Available data:
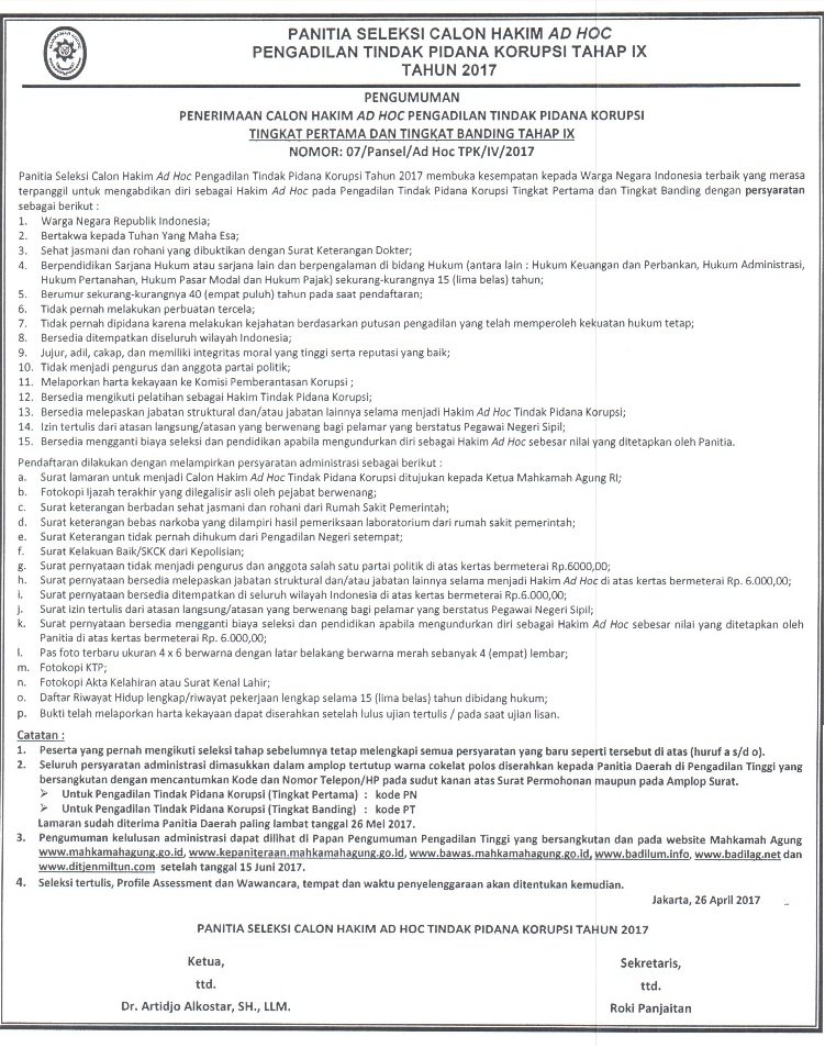 Email Print Penerimaan Calon Hakim Ad Hoc Pengadilan Tingkat Pidana Korupsi Tahap IX Tahun 2017 Continue Reading
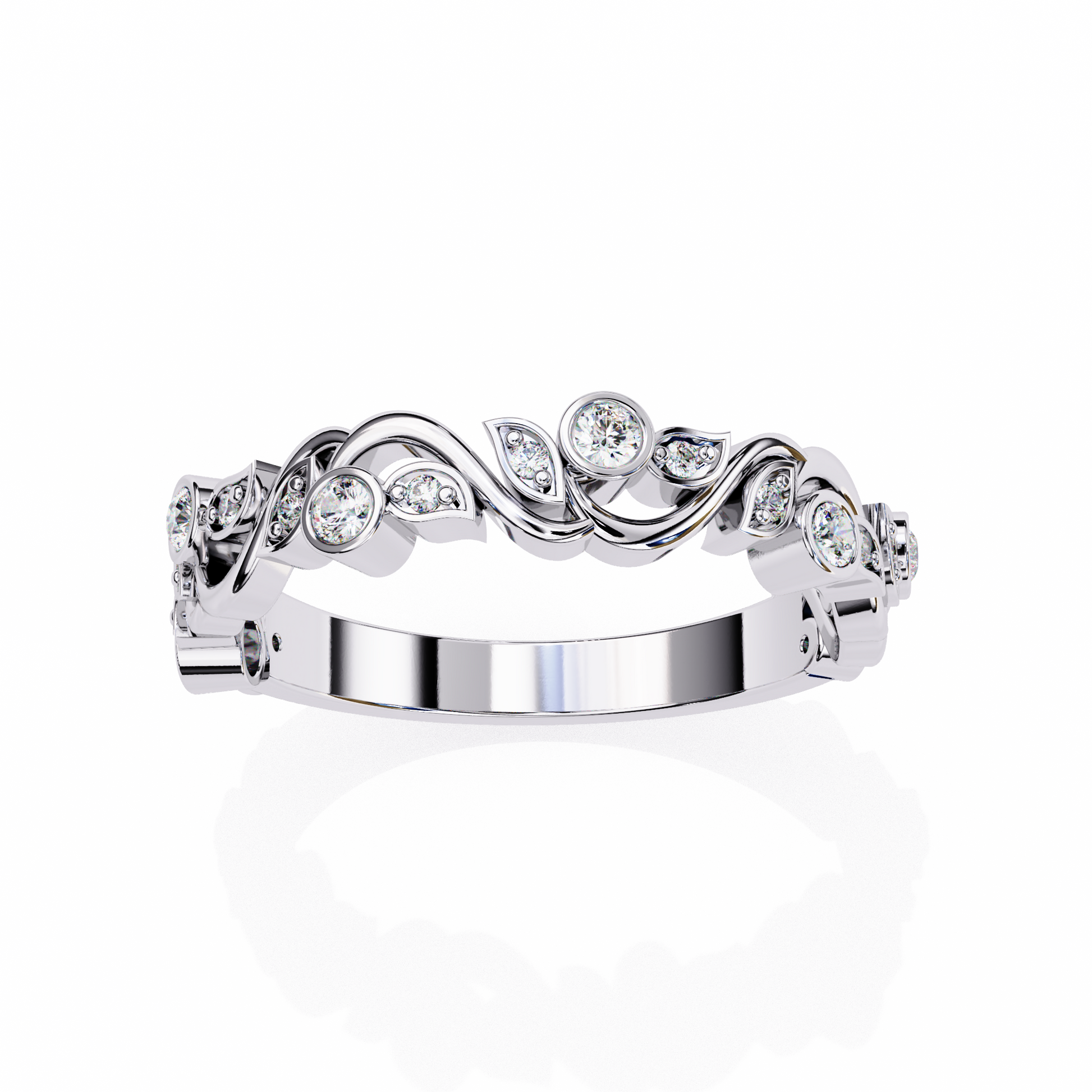 Camelia Crest Diamond Band Ring
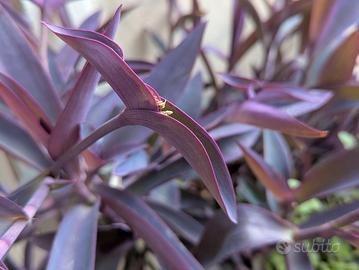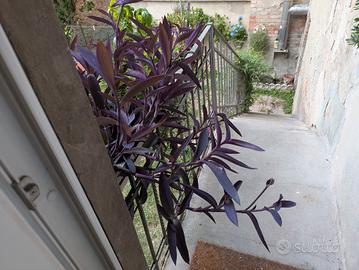 Tradescantia pallida (miseria viola). Talee forti e di un viola stupendo. Fa piccoli fiori rosa. Se portata all'interno diventa più verde, all'esterno (anche in inverno) resta molto viola. Bellissima e decorativa. Talee a partire da 2 euro.
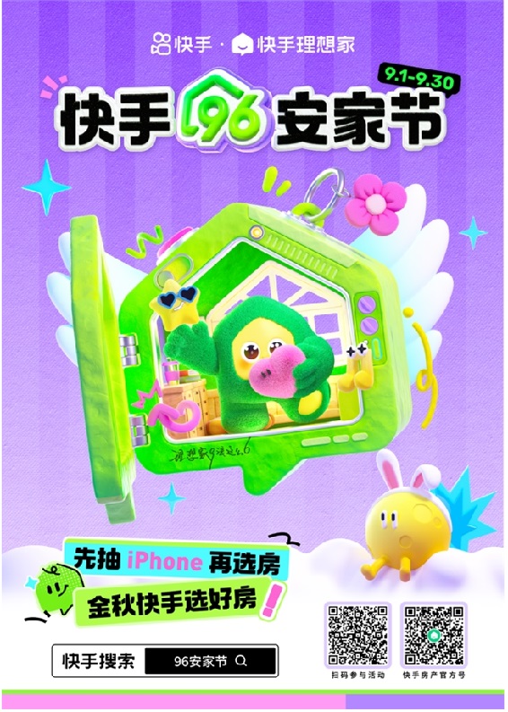 即日起,上快手搜索“96安家節(jié)”可進入活動頁面。期間,用戶向房產(chǎn)主播提交房產(chǎn)咨詢或購買意向、觀看房產(chǎn)類短視頻完成任務(wù)、分享鏈接邀請好友助力,都可獲得iPhone等獎品的抽獎機會。此外,完成線上選房、線下看房還有更多優(yōu)惠贈送。

Exercise brief:
Without any pictures, please write out the lines from the one containing "Camelia Crest Diamond Band Ring" through the final line of the data, exactly and inclusive of both ends.

Written solution:
 Camelia Crest Diamond Band Ring
 Tradescantia pallida (miseria viola). Talee forti e di un viola stupendo. Fa piccoli fiori rosa. Se portata all'interno diventa più verde, all'esterno (anche in inverno) resta molto viola. Bellissima e decorativa. Talee a partire da 2 euro.
 即日起,上快手搜索“96安家節(jié)”可進入活動頁面。期間,用戶向房產(chǎn)主播提交房產(chǎn)咨詢或購買意向、觀看房產(chǎn)類短視頻完成任務(wù)、分享鏈接邀請好友助力,都可獲得iPhone等獎品的抽獎機會。此外,完成線上選房、線下看房還有更多優(yōu)惠贈送。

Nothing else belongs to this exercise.